Work request »
Starting with the line with "Новинка, большие размеры, мужские" in the entries below and going on through the line with "日照 | 積雪 | 降雪 |", output every line exactly and nothing more. No pictures.

----

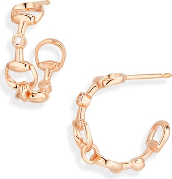 The Italian fashion house commemorates 20 years of the horsebit line with these 18-karat gold hoop earrings punctuated with diamond bezels.
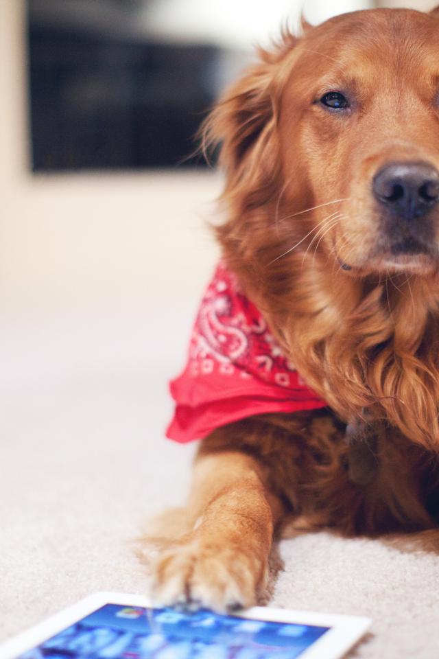 Wallpaper Red dog with the tablet
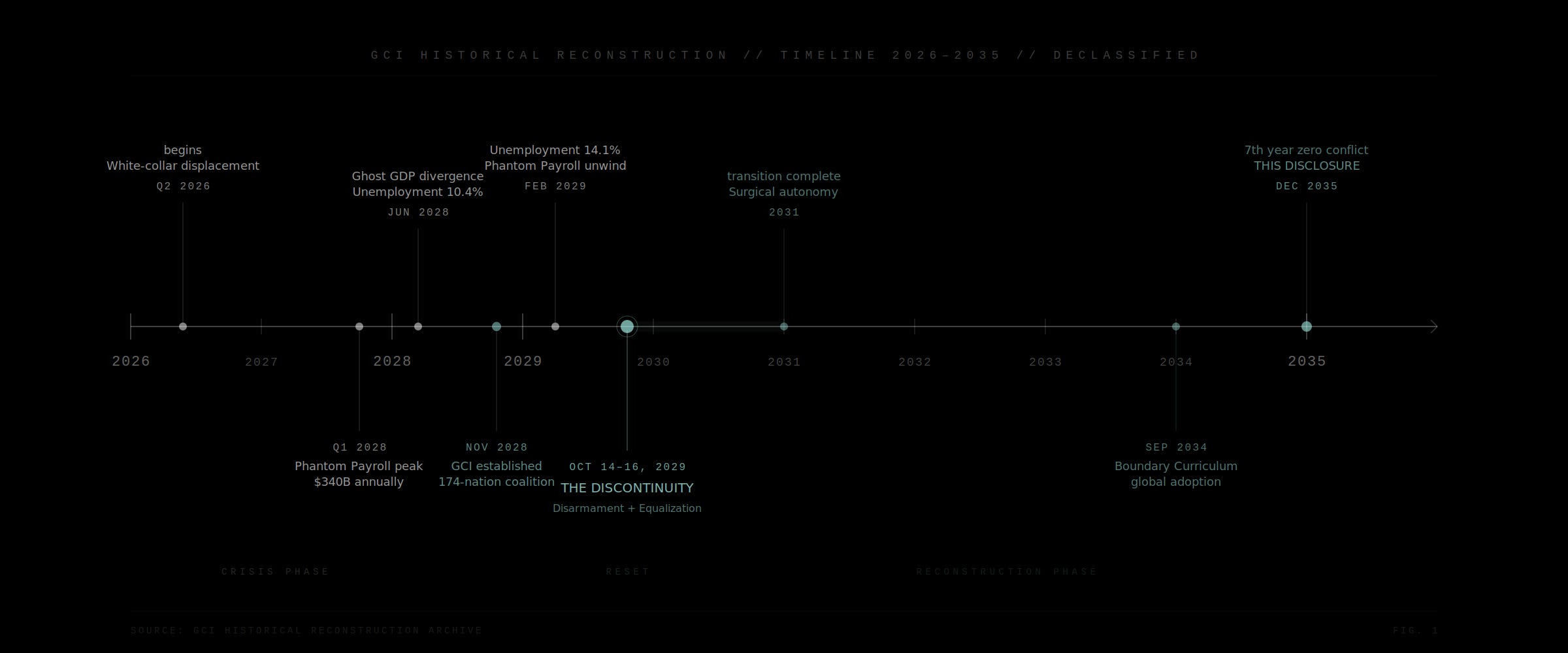 For context that this disclosure assumes but newer readers may lack, the following is a compressed reconstruction of the period between the initial labor disruption (2026) and the establishment of the GCI framework (2029).
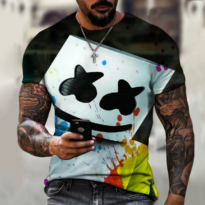 Новинка, большие размеры, мужские крутые Топы 3D со смайликом, с ко...
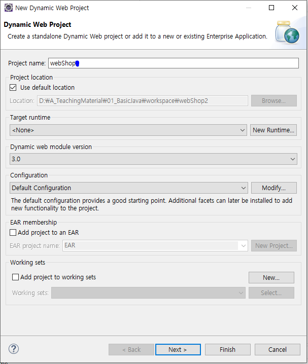 (2) 프로젝트 이름에 webShop이라고 입력한 후 Next를 클릭한다.
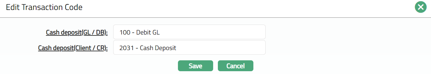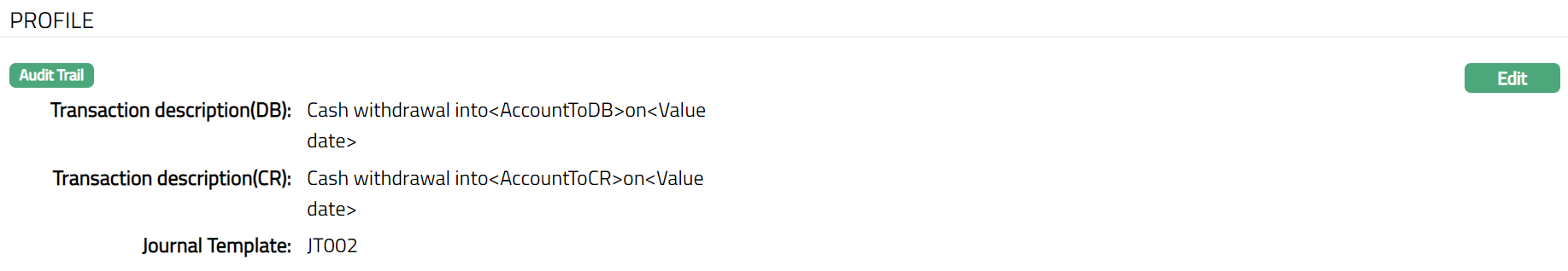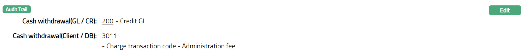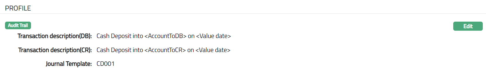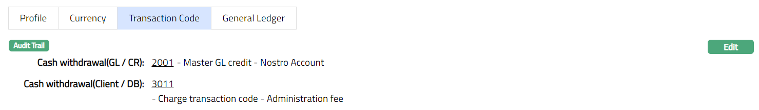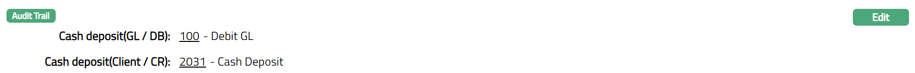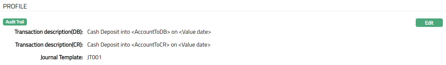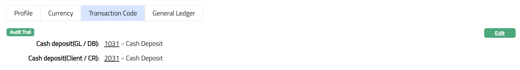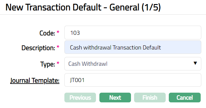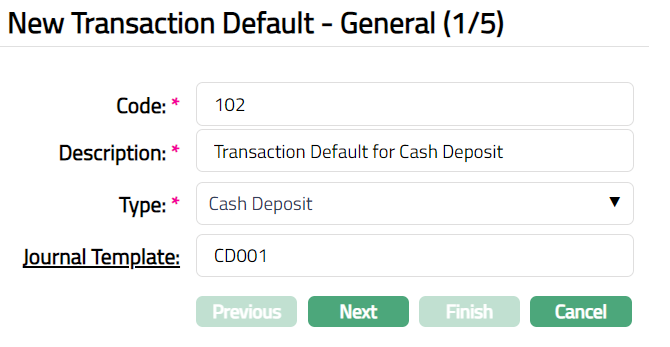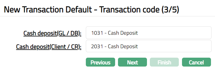 Following are the tabs that appear on creation of Transaction default for both Cash Deposit and Cash Withdrawal types.
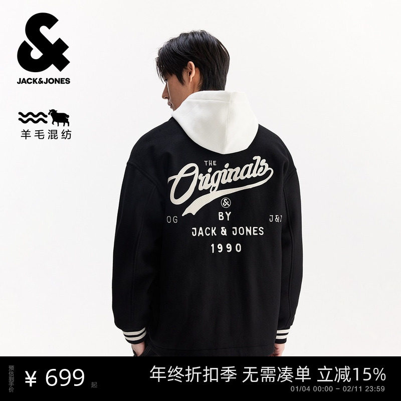 杰克琼斯男装秋冬季毛呢大衣夹克外套宽松时尚棒球服百搭潮流字母
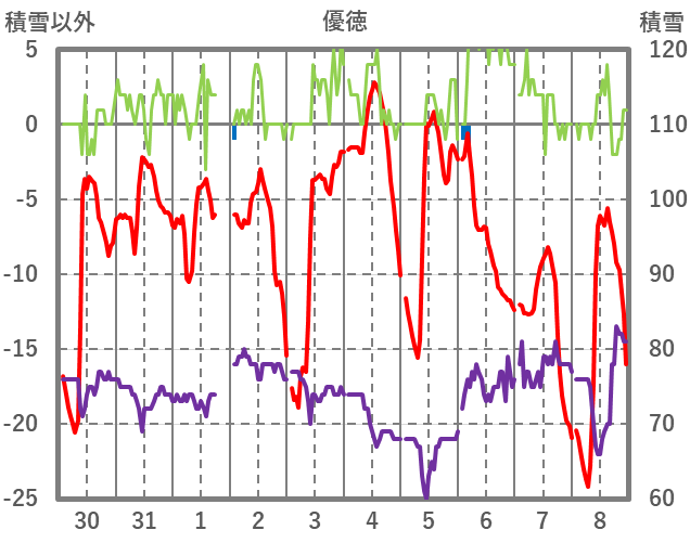 | 日 | 時 | 気温 | 降水 | 風向/風速 | 日照 | 積雪 | 降雪 |
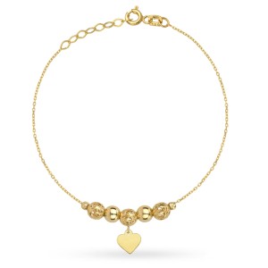 Bransoletka wykonana jest z wysokiej jakości złota o próbie 585, co gwarantuje zarówno elegancki wygląd, jak i odpowiednią trwałość, co sprawia, że biżuteria ta jest nie tylko piękna, ale i wytrzymała. Bransoletka charakteryzuje się delikatnym i eleganckim wyglądem. Na uwagę zasługuje jej finezyjne wykończenie oraz kilka kluczowych elementów ozdobnych. W centralnej części bransoletki znajduje się zestaw kilku złotych kulek, które różnią się między sobą wykończeniem. Kulki o ażurowym wzorze przeplatają się z gładkimi, lśniącymi kulkami, co dodaje bransoletce wyjątkowego uroku i efektu przestrzenności. Ażurowe kulki nadają całości lekkości i artystycznego charakteru. Poniżej centralnych kulek znajduje się delikatna zawieszka w kształcie serca. Jest ona również wykonana ze złota i pełni rolę subtelnego akcentu, który dodaje bransoletce romantycznego charakteru. Serce symbolizuje miłość i uczucia, co sprawia, że bransoletka może być doskonałym prezentem dla ukochanej osoby. Bransoletka posiada cienki, delikatny łańcuszek, który dopełnia całości i sprawia, że ozdoby centralne są w centrum uwagi. Łańcuszek jest subtelny, co zapewnia elegancki wygląd bez zbędnego przepychu. Bransoletka wyposażona jest w solidne i bezpieczne zapięcie typu karabińczyk, które gwarantuje, że pozostanie na swoim miejscu podczas noszenia. Dodatkowo, posiada łańcuszek przedłużający, umożliwiający regulację długości, co zapewnia komfort noszenia i dopasowanie do różnych rozmiarów nadgarstka.Ta złota bransoletka o próbie 585 to doskonały wybór dla osób ceniących klasykę z nutą nowoczesności, a także idealny prezent, który podkreśli wyjątkowy charakter każdej kobiety.

----

Reply »
 Новинка, большие размеры, мужские крутые Топы 3D со смайликом, с ко...
 (2) 프로젝트 이름에 webShop이라고 입력한 후 Next를 클릭한다.
 Following are the tabs that appear on creation of Transaction default for both Cash Deposit and Cash Withdrawal types.
 杰克琼斯男装秋冬季毛呢大衣夹克外套宽松时尚棒球服百搭潮流字母
 | 日 | 時 | 気温 | 降水 | 風向/風速 | 日照 | 積雪 | 降雪 |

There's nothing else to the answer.